Partnership for A Healthy Lincoln is a nonprofit organization working with The Lincoln Community Breastfeeding Initiative, two birthing hospitals, and the Lincoln Lancaster County Health Department WIC and Family Service Lincoln. Together, they are working on Blueprint Recommendations 2, 4, 5, and 6 to improve CoC among BIPOC populations in Lincoln. Their goals are to 1) finalize a community dashboard that captures multiple sources of local, disaggregated breastfeeding data, 2) Increase by 10 the number of trained breastfeeding educators, and build a roadmap to increase the diversity of their lactation support workforce and mentorship programs for IBCLCs, 3) increase the diversity of their existing health campaigns to normalize breastfeeding within Latinx, Asian Americans, and possibly LGBTQIA communities, and 4) provide training on cultural humility, implicit biases and trauma-informed care to their lactation workforce
Knox County Health Department is a local department of health in Eastern Tennessee, working in partnership with The Special Supplemental Nutrition Program for WIC, Knox County’s Fetal and Infant Mortality Review Program, the University of Tennessee Medical Center, and the University of Tennessee – Knoxville Department of Nutrition.
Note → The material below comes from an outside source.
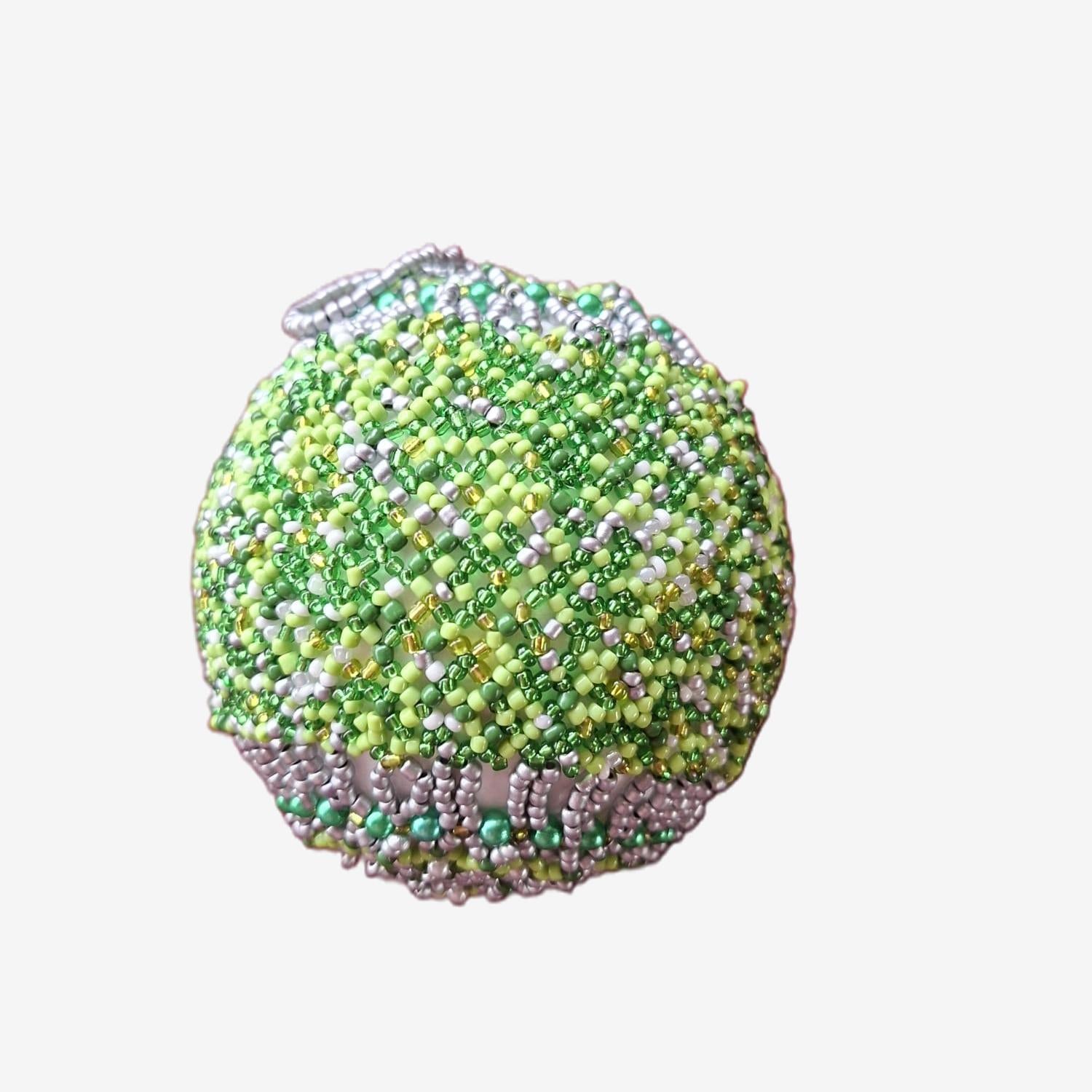 Bola de Natal artesanal em missangas, feita à mão com padrão geométrico em tons de verde e prateado.

Together, they are working on implementing Blueprint Recommendations 1, 4, 5, 6, and 7 to improve continuity of care among historically marginalized populations in their community. Their goals are to 1) train local health professionals on how to support lactation services in the community, 2) convene a maternal and child health workgroup to integrate breastfeeding promotion and support into two health department initiatives, 3) raise awareness about assets and barriers to chest/breastfeeding by digitally recording five chest/breastfeeding families’ stories, and 4) establish a breastfeeding coalition in Knox County.
Sauk County Health Department is a local health department located in Wisconsin, working in partnership with the three Ho-Chunk Nation services, and the Wisconsin Breastfeeding Coalition. Together, they are working on implementing Blueprint Recommendations 1, 2, 4, 5, and 6 to improve continuity of care among rural and tribal communities. Their goals are to 1) conduct a needs assessment within the community to understand the availability of existing lactation spaces, barriers to breastfeeding, and ways in which breastfeeding can be supported, 2) pilot a standardized breastfeeding data collection method, 3) increase by 1 the number of Ho-Chuck Nation members certified in doula and/or Indigenous Breastfeeding services, 4) develop a multi-media, culturally appropriate breastfeeding campaign featuring breastfeeding “success stories” submitted by community members, 5) increase by 1 the number of local businesses that provide designated lactation space(s), 6) develop and disseminate a standardized breastfeeding care plan with local families utilizing motivational interviewing principles.